Zulip Chat Archive

Stream: mathlib4

Topic: Computable cartesian closed categories

Albus Dompeldorius (Mar 13 2025 at 08:47):

I want to work with cartesian closed categories in a computable way, but everything in Mathlib.CategoryTheory.Closed.Cartesian is marked as noncomputable, even though it seems that almost all of the definitions are already computable. Is there a reason we can't remove the global noncomputable and mark the few noncomputable definitions instead?

There are four noncomputable definitions:

def internalizeHom (f : A ⟶ Y) : ⊤_ C ⟶ A ⟹ Y

def powZero {I : C} (t : IsInitial I) [CartesianClosed C] : I ⟹ B ≅ 𝟙_ C

These can be made computable by replacing ⊤_ C with 𝟙_ C (which is available since we assume ChosenFiniteProducts C anyway).

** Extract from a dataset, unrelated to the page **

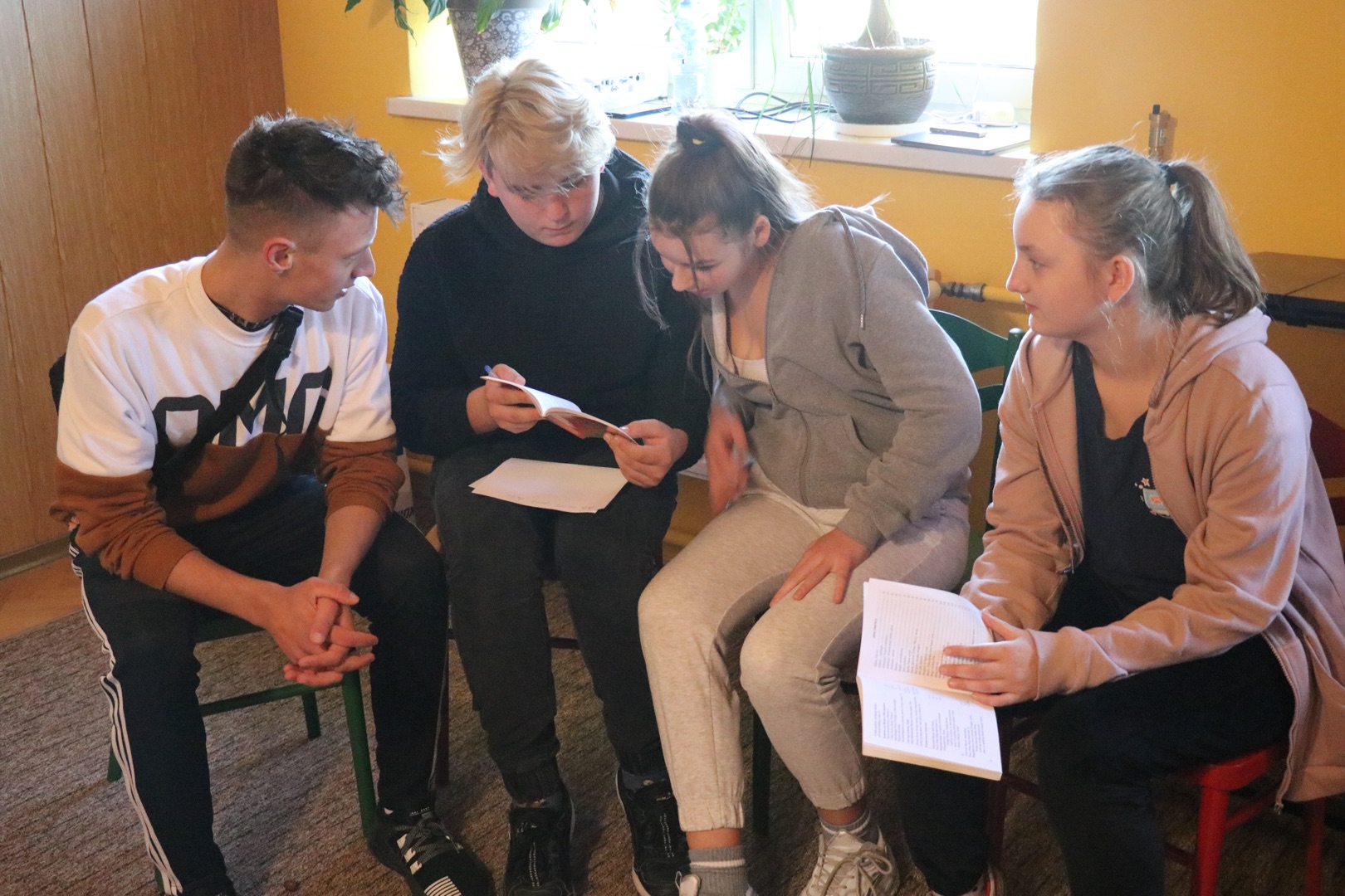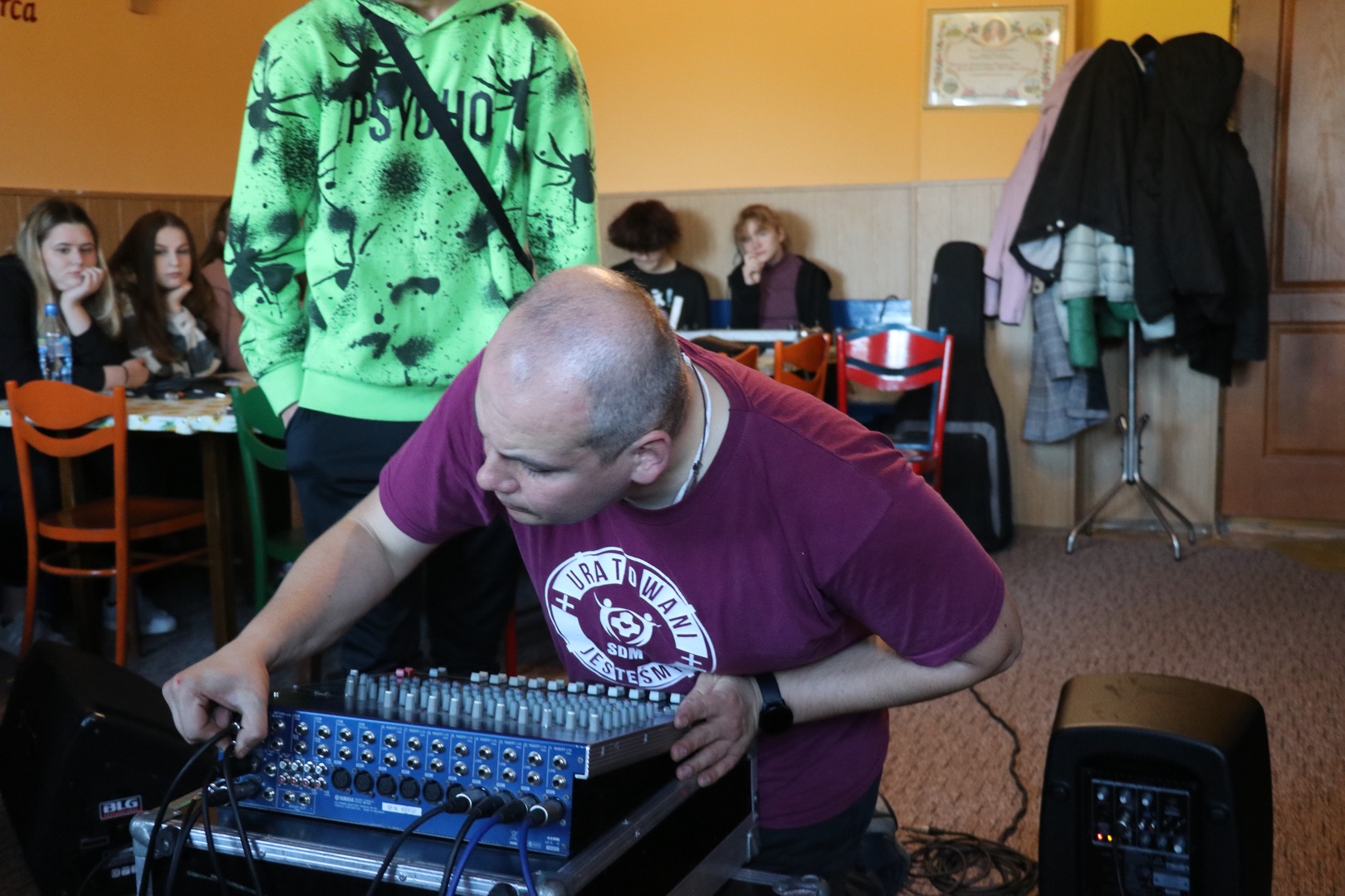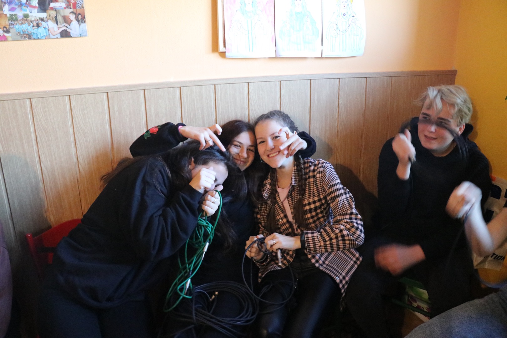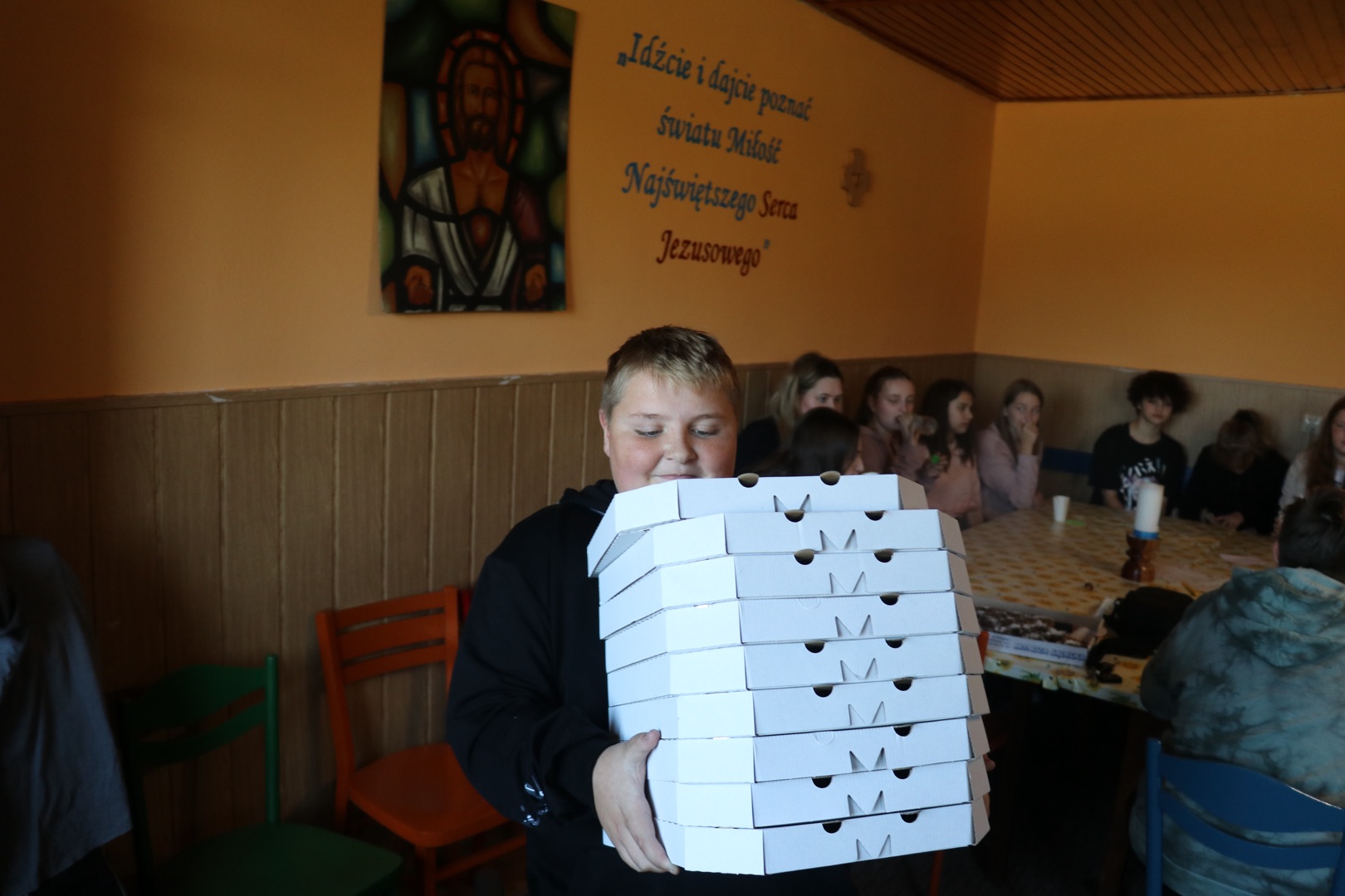Rozpoczęło się niewinnie - jutrznią, następnie omówieniem budowy i specyfiki psalmów. Z teorii młodzież przeszła do praktyki i dzielnie stawiła czoła każdego rodzaju kablom, poznała ich budowę i metody zwijania w taki sposób, by nie naderwać delikatnych włókien znajdujących się w środku. Z pozoru prosta czynność okazała się nie małym wyzwaniem. W następnej kolejności wraz z Księdzem prowadzącym rozpracowywali mikser muzyczny. Czerpali z tego wiele radości, ponieważ do akcji wkroczyły mikrofony i oczywiście nieszczęsne kabelki. Podczas zabawy z mikserem poznali funkcje i zastosowania poszczególnych suwaków, przycisków oraz wejść. Kolejną rzeczą z jaką się zapoznali były informacje dotyczące prowadzenia scholi. Po krótkiej prezentacji młodzież zaczęła pracę w grupach, nad wcześniej uzyskanymi wiadomościami na, których podstawie musieli dobrać zestaw pieśni na przykładową Mszę Niedzielną. Po tych czynnościach zabrali się za układ oddechowy i aparat mowy. Dowiedzieli się co nieco o związku tych układów ze śpiewaniem, o trzech rejestrach i technikach śpiewania. Następnie po raz kolejny próbowali sprawdzić się w praktyce. Zaczęła się walka z samym sobą, oddychaniem i przeróżnymi ćwiczeniami na rozśpiewkę itp...

def prodCoprodDistrib [HasBinaryCoproducts C] [CartesianClosed C] (X Y Z : C)

def cartesianClosedOfEquiv (e : C ≌ D) [CartesianClosed C] : CartesianClosed D :=
  letI := e.inverse.monoidalOfChosenFiniteProducts
  MonoidalClosed.ofEquiv (e.inverse) e.symm.toAdjunction

These remain noncomputable since they depend on the noncomputable HasBinaryCoproducts C MonoidalClosed.ofEquiv respectively.

Kim Morrison (Mar 13 2025 at 09:19):

No objection.

Albus Dompeldorius (Mar 13 2025 at 09:23):

Great! I will make a PR.

Albus Dompeldorius (Mar 13 2025 at 10:08):

Opened pull request here: PR.

Last updated: May 02 2025 at 03:31 UTC